YOUR OBJECTIVE
The answer is to be the data that follows, transcribed exactly, minus its pictures.

RECORDED INFORMATION

* * * * *

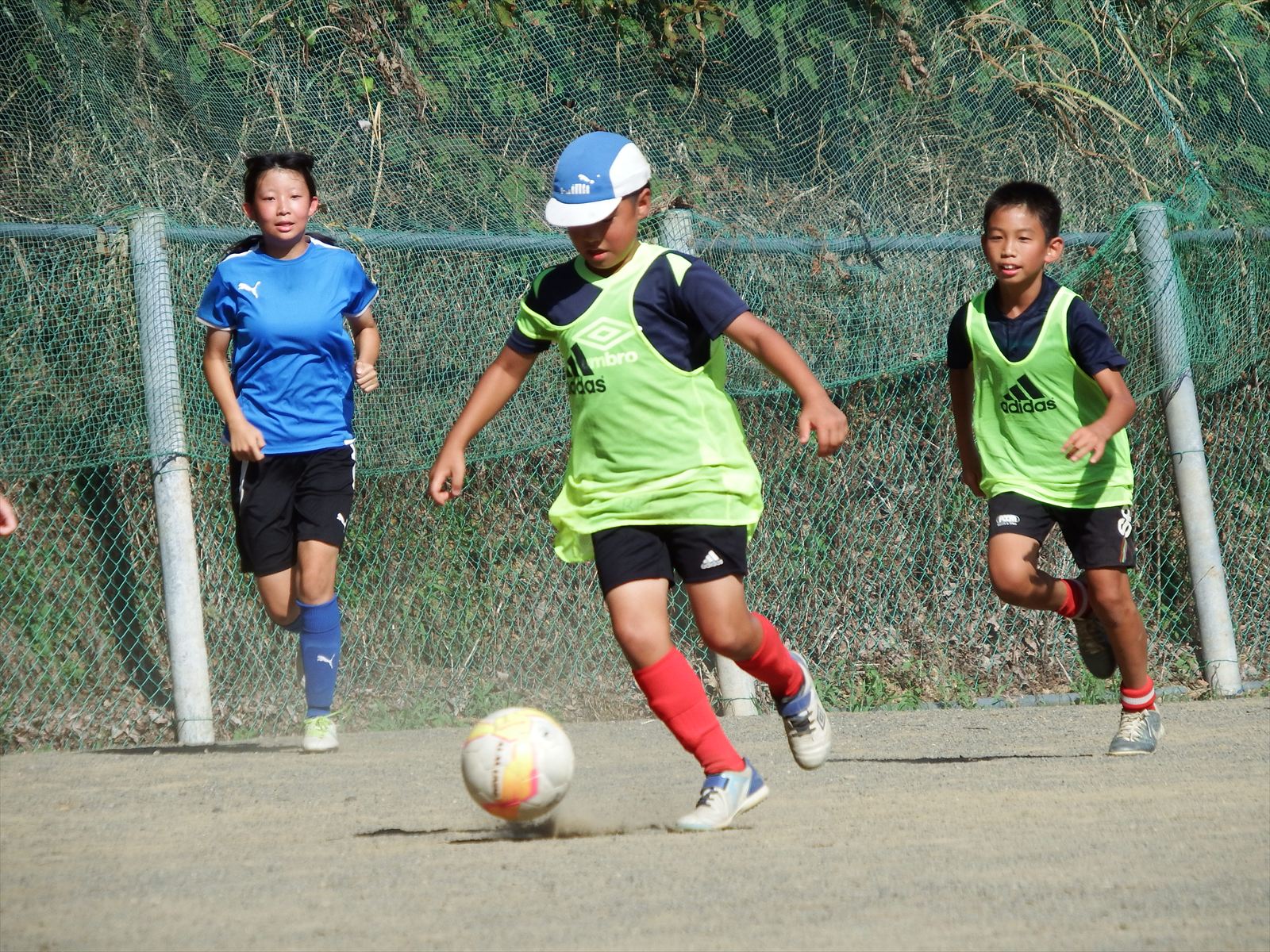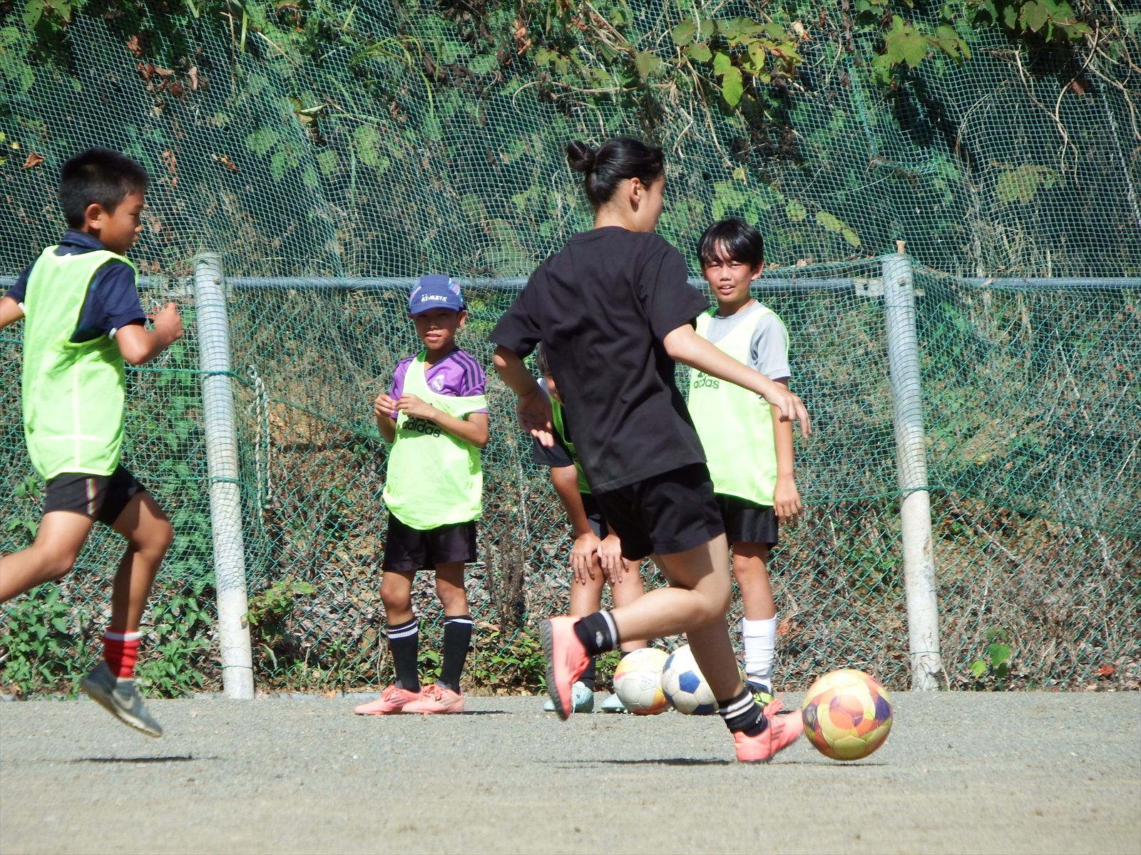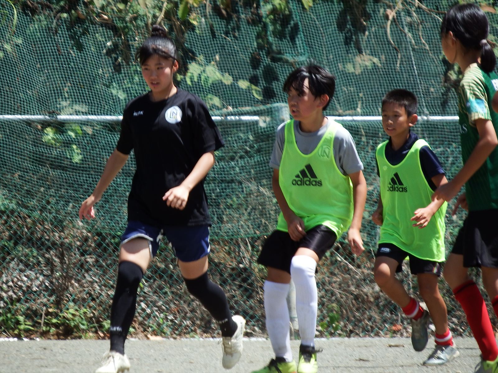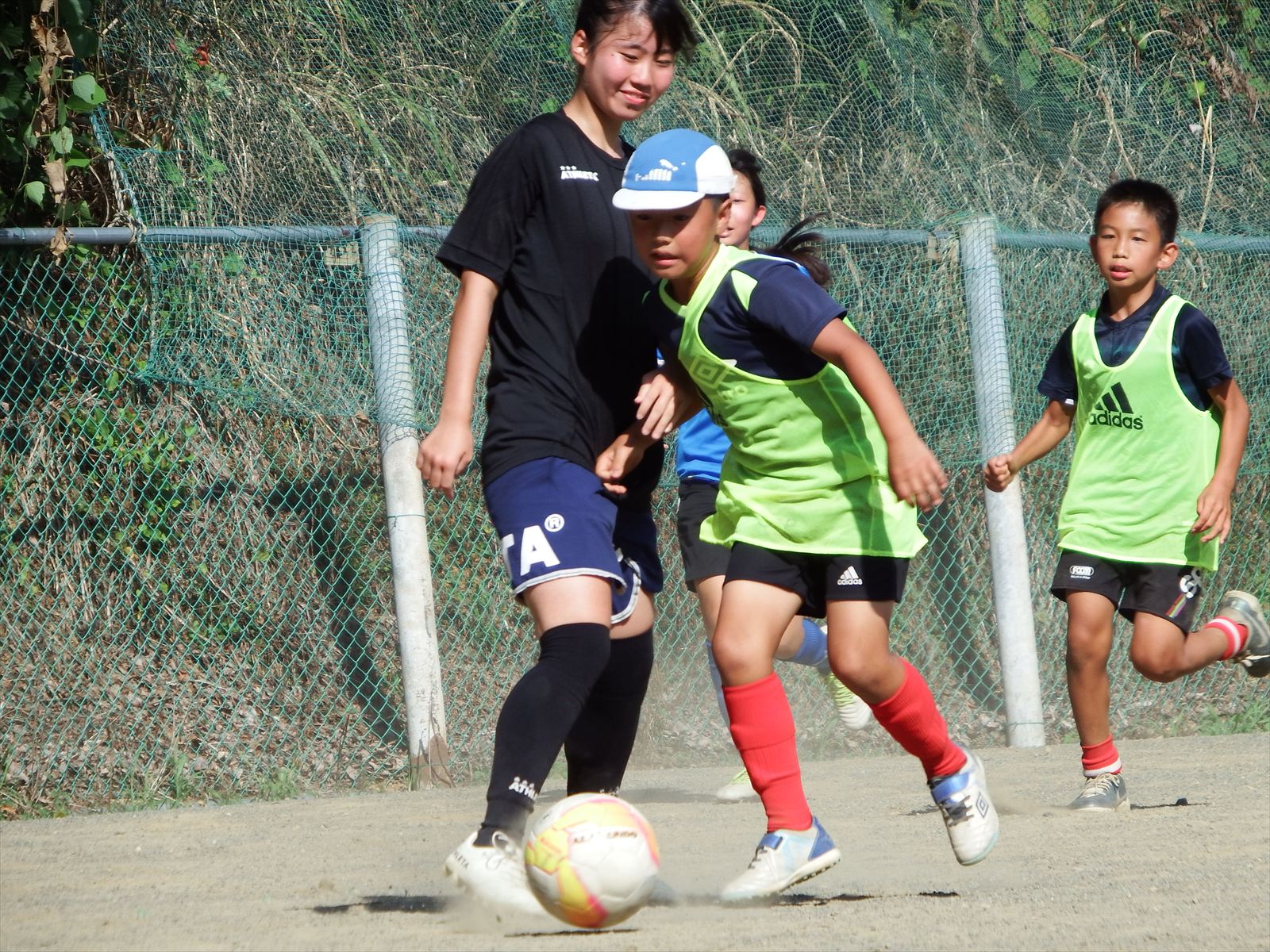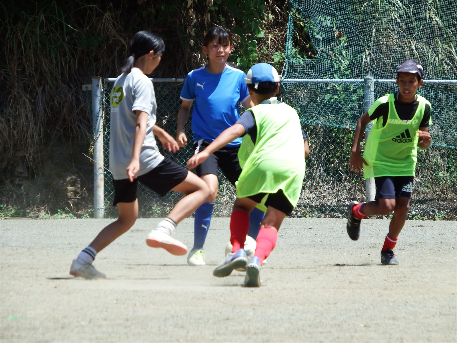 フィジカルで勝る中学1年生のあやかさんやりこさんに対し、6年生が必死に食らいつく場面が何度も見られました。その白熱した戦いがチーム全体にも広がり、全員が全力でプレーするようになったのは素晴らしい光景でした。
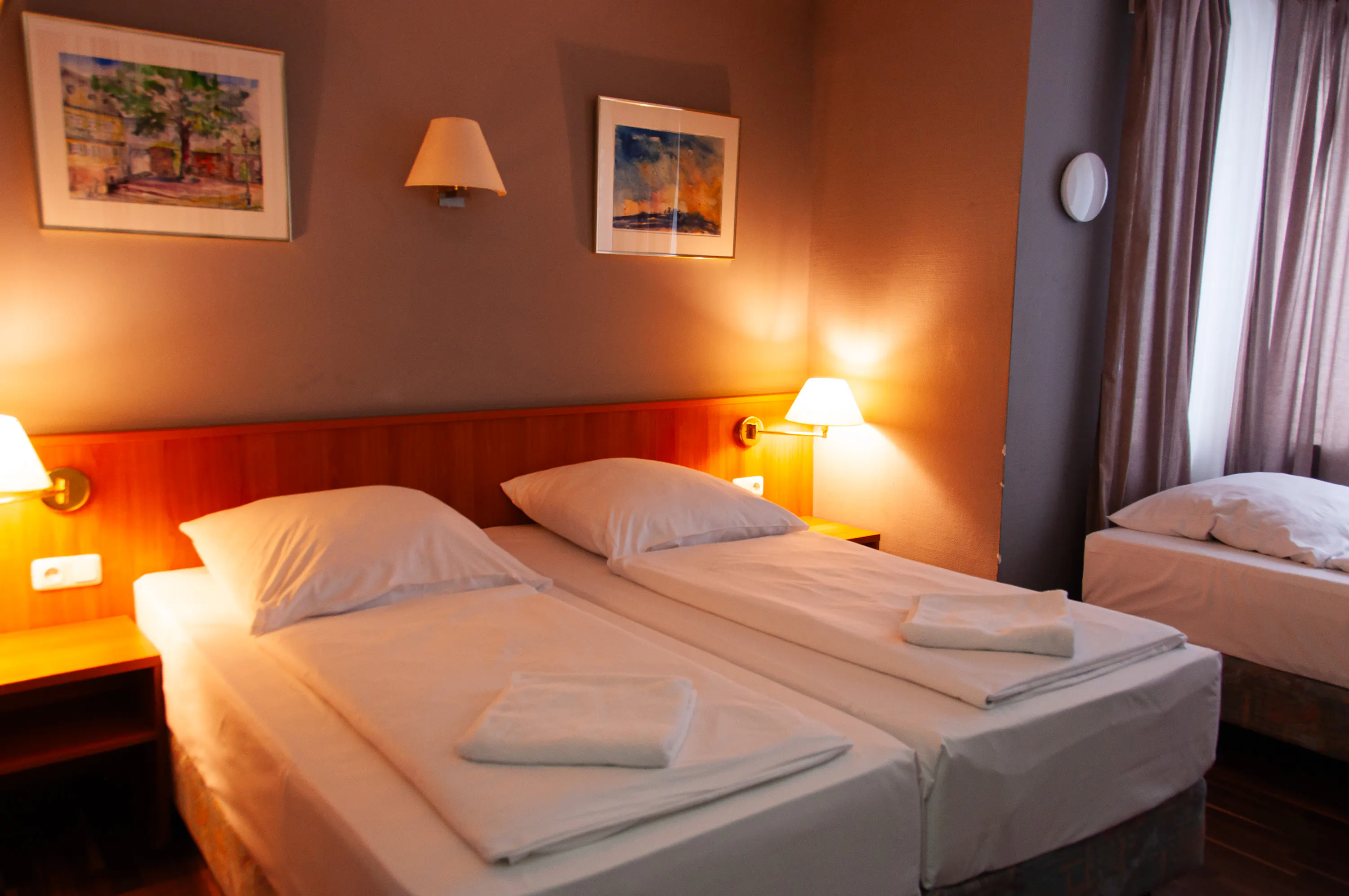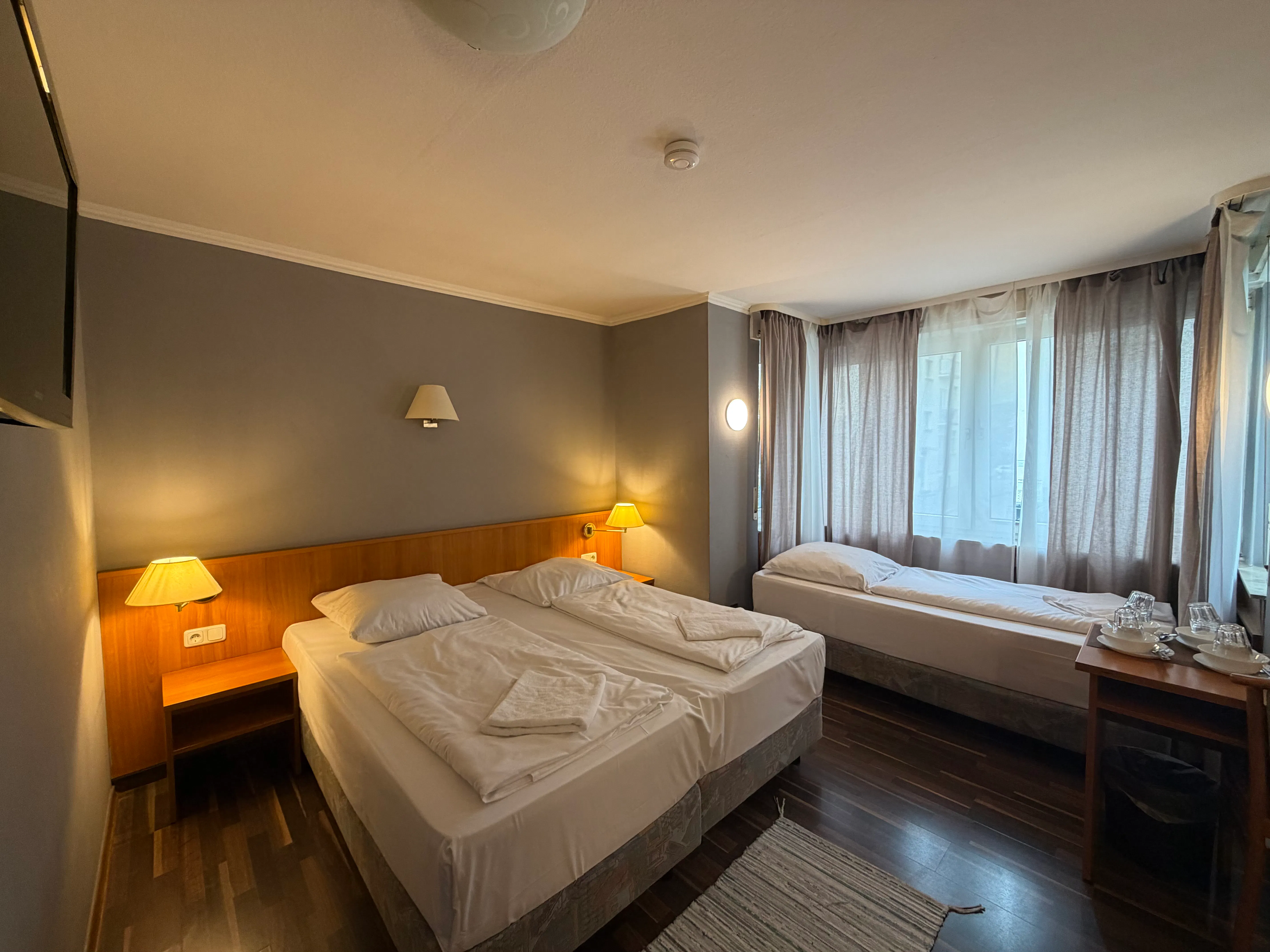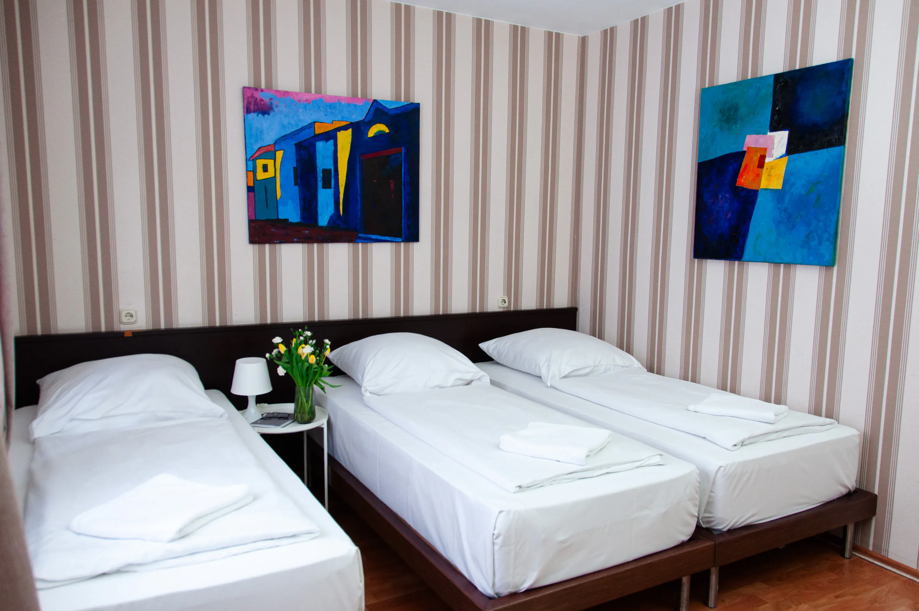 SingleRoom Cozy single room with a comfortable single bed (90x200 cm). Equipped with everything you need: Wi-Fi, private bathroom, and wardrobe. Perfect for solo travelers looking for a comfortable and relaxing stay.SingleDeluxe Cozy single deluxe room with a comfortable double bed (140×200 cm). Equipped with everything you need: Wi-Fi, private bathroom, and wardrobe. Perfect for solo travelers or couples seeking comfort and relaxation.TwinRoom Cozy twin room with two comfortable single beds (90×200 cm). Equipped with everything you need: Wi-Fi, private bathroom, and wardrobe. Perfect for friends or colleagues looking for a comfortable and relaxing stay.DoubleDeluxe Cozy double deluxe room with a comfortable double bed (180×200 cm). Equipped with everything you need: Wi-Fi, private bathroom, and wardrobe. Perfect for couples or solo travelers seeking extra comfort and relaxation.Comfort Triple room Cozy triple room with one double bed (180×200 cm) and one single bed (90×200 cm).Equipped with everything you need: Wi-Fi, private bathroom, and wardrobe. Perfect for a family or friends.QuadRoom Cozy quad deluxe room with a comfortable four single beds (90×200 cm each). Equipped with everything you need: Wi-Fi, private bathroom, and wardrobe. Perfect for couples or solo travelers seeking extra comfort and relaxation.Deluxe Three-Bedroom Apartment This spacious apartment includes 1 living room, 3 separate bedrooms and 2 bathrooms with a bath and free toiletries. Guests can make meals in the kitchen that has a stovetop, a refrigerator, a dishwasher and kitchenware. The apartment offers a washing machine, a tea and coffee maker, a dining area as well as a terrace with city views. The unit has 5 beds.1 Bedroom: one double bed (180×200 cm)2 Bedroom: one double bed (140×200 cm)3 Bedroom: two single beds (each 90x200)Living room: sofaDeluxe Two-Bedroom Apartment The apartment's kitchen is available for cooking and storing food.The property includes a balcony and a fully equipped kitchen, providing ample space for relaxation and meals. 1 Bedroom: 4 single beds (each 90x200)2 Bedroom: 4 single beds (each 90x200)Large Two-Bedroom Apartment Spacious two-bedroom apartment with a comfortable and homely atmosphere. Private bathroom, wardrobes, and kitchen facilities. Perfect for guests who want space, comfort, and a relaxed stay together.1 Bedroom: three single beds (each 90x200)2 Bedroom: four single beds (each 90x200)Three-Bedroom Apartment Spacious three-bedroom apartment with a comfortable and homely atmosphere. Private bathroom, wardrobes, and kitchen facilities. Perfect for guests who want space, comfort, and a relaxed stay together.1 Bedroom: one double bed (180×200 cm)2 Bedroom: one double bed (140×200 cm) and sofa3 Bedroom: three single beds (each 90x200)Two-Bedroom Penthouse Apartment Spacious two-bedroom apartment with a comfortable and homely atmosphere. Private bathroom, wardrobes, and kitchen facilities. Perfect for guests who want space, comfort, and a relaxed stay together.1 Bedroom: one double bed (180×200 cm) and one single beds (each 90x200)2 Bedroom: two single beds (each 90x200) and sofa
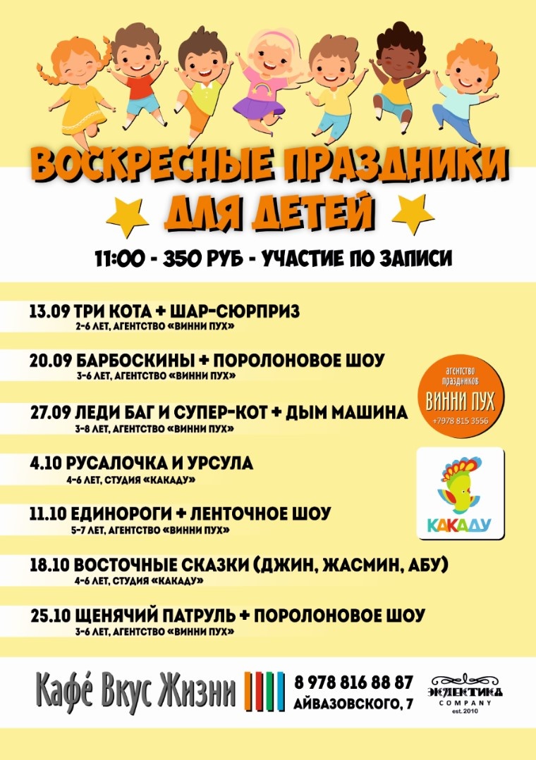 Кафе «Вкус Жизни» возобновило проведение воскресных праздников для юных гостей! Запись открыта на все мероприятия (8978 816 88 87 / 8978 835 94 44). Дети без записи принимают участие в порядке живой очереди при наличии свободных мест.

* * * * *

EXERCISE ANSWER
 フィジカルで勝る中学1年生のあやかさんやりこさんに対し、6年生が必死に食らいつく場面が何度も見られました。その白熱した戦いがチーム全体にも広がり、全員が全力でプレーするようになったのは素晴らしい光景でした。
 SingleRoom Cozy single room with a comfortable single bed (90x200 cm). Equipped with everything you need: Wi-Fi, private bathroom, and wardrobe. Perfect for solo travelers looking for a comfortable and relaxing stay.SingleDeluxe Cozy single deluxe room with a comfortable double bed (140×200 cm). Equipped with everything you need: Wi-Fi, private bathroom, and wardrobe. Perfect for solo travelers or couples seeking comfort and relaxation.TwinRoom Cozy twin room with two comfortable single beds (90×200 cm). Equipped with everything you need: Wi-Fi, private bathroom, and wardrobe. Perfect for friends or colleagues looking for a comfortable and relaxing stay.DoubleDeluxe Cozy double deluxe room with a comfortable double bed (180×200 cm). Equipped with everything you need: Wi-Fi, private bathroom, and wardrobe. Perfect for couples or solo travelers seeking extra comfort and relaxation.Comfort Triple room Cozy triple room with one double bed (180×200 cm) and one single bed (90×200 cm).Equipped with everything you need: Wi-Fi, private bathroom, and wardrobe. Perfect for a family or friends.QuadRoom Cozy quad deluxe room with a comfortable four single beds (90×200 cm each). Equipped with everything you need: Wi-Fi, private bathroom, and wardrobe. Perfect for couples or solo travelers seeking extra comfort and relaxation.Deluxe Three-Bedroom Apartment This spacious apartment includes 1 living room, 3 separate bedrooms and 2 bathrooms with a bath and free toiletries. Guests can make meals in the kitchen that has a stovetop, a refrigerator, a dishwasher and kitchenware. The apartment offers a washing machine, a tea and coffee maker, a dining area as well as a terrace with city views. The unit has 5 beds.1 Bedroom: one double bed (180×200 cm)2 Bedroom: one double bed (140×200 cm)3 Bedroom: two single beds (each 90x200)Living room: sofaDeluxe Two-Bedroom Apartment The apartment's kitchen is available for cooking and storing food.The property includes a balcony and a fully equipped kitchen, providing ample space for relaxation and meals. 1 Bedroom: 4 single beds (each 90x200)2 Bedroom: 4 single beds (each 90x200)Large Two-Bedroom Apartment Spacious two-bedroom apartment with a comfortable and homely atmosphere. Private bathroom, wardrobes, and kitchen facilities. Perfect for guests who want space, comfort, and a relaxed stay together.1 Bedroom: three single beds (each 90x200)2 Bedroom: four single beds (each 90x200)Three-Bedroom Apartment Spacious three-bedroom apartment with a comfortable and homely atmosphere. Private bathroom, wardrobes, and kitchen facilities. Perfect for guests who want space, comfort, and a relaxed stay together.1 Bedroom: one double bed (180×200 cm)2 Bedroom: one double bed (140×200 cm) and sofa3 Bedroom: three single beds (each 90x200)Two-Bedroom Penthouse Apartment Spacious two-bedroom apartment with a comfortable and homely atmosphere. Private bathroom, wardrobes, and kitchen facilities. Perfect for guests who want space, comfort, and a relaxed stay together.1 Bedroom: one double bed (180×200 cm) and one single beds (each 90x200)2 Bedroom: two single beds (each 90x200) and sofa
 Кафе «Вкус Жизни» возобновило проведение воскресных праздников для юных гостей! Запись открыта на все мероприятия (8978 816 88 87 / 8978 835 94 44). Дети без записи принимают участие в порядке живой очереди при наличии свободных мест.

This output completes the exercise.